Mergers and acquisitions are accounted for in accordance with ASC 805 “Business Combinations” using the acquisition method of accounting. Assets and liabilities acquired and assumed are generally recorded at their fair values as of the date of the transaction. The excess of purchase price over the fair value of assets acquired and liabilities assumed is recorded as goodwill.

Determining the fair value of assets and liabilities acquired often involves estimates based on internal estimate or third-party valuations using a discounted cash flow analysis or other valuation technique that may include the use of estimates. In addition, the determination of the useful lives over which intangible assets will be amortized is subjective in nature.

Changes to estimates and judgments used in business combinations could result in a significant difference in the fair value of assets and liabilities acquired which would impact total goodwill recorded. A change in the useful life of intangible assets could impact amortization amounts which could have an impact on our earnings.

Goodwill

The amount of goodwill reflected in the Company’s Unaudited Consolidated Financial Statements is required to be tested by management for impairment on at least an annual basis or whenever events or changes in circumstances indicate that the fair value of a reporting unit may be below its carrying value. The annual goodwill impairment testing is performed as of December 31. The test for impairment of goodwill on the identified reporting unit is considered a critical accounting estimate because it requires judgment on the part of management and the use of estimates related to the growth assumptions and market multiples used in the valuation model.

At March 31, 2021, the Company had $12.7 million in goodwill, all of which stems from the acquisition of various insurance agencies and the most recent acquisition of FSB. In connection with the FSB acquisition, the Company recognized $1.8 million in goodwill in its banking reporting unit. The remaining $10.9 million of goodwill is recorded in the Company’s insurance agency reporting unit. There have been no purchases of diverse companies in which goodwill was subjectively allocated to different reporting units.

The valuation methodology used for the goodwill in the banking reporting unit is a five year discounted cash flow analysis. The Company used two valuation methodologies to calculate the fair value of the insurance agency reporting unit. The first methodology is a five year discounted cash flow analysis. The second was to measure fair value using an EBITDA (“Earnings Before Interest, Taxes, Depreciation, Amortization) multiple. These valuation methodologies utilize key assumptions that include forecasts of revenues and expenses derived from Company projections for a period of five years, changes in working capital estimates, company specific discount rate derived from a rate build up approach, externally sourced bank peer group market multiples and externally sourced bank peer group change in control premium, all of which are highly subjective and require significant management judgment. Changes in these key assumptions could materially affect our estimate of the reporting unit fair value and could affect our conclusion regarding the existence of potential impairment.
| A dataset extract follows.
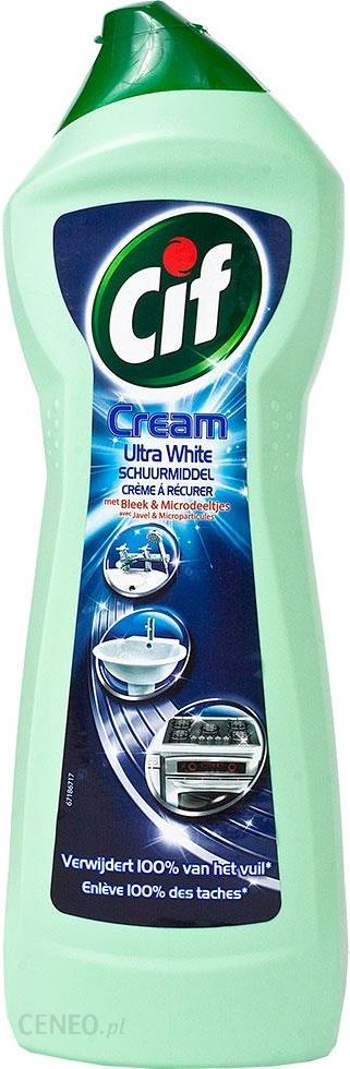 Cif mleczko do mycia powierzchni z wybielaczem 750mlMleczko czyszczące do kuchni i łazienek. Preparat wykorzystuje nowoczesną formułę mikrogranulek, które efektywnie likwidują najtrudniejsze zabrudzenia, m.in. kamień czy tłuste plamy. Środek nie wymaga szorowania, nie pozostawia smug i zacieków. Produkt z dodatkiem składników o właściwościach wybielających oraz nabłyszczających. Czyszczone powierzchnie pozostają czyste i odświeżone. Mleczko wydajne i proste w użyciu.Pojemność 750ml

No impairment to the Company’s goodwill was recorded in 2020 or in the first quarter of 2021.

ANALYSIS OF FINANCIAL CONDITION

Loan Activity

Total gross loans were $1.7 billion at March 31, 2021 and December 31, 2020 and $1.2 billion at March 31, 2020. The year-over-year increase reflects the addition of $271 million of loans upon the acquisition of FSB in the second quarter of 2020 and organic loan growth over the last year, including the origination of $292 million of PPP loans, of which $55 million have been forgiven by the SBA as of March 31, 2021.

Loans secured by real estate were $1.3 billion at March 31, 2021 and December 31, 2020 and $987 million at March 31, 2020. Residential real estate loans were $381 million at March 31, 2021, $8 million or 2% higher than at December 31, 2020, and $225 million or 143% higher than at March 31, 2020, reflecting the benefit of the acquired loan portfolio. Commercial real estate loans, including construction loans, were $840 million at March 31, 2021, $27 million or 3% higher than the balance at December 31, 2020 and $76 million or 10% higher than the balance at March 31, 2020, also having benefitted from the FSB acquisition. Commercial real estate is the largest part of the Company’s loan portfolio and has historically been the highest growth segment of the portfolio.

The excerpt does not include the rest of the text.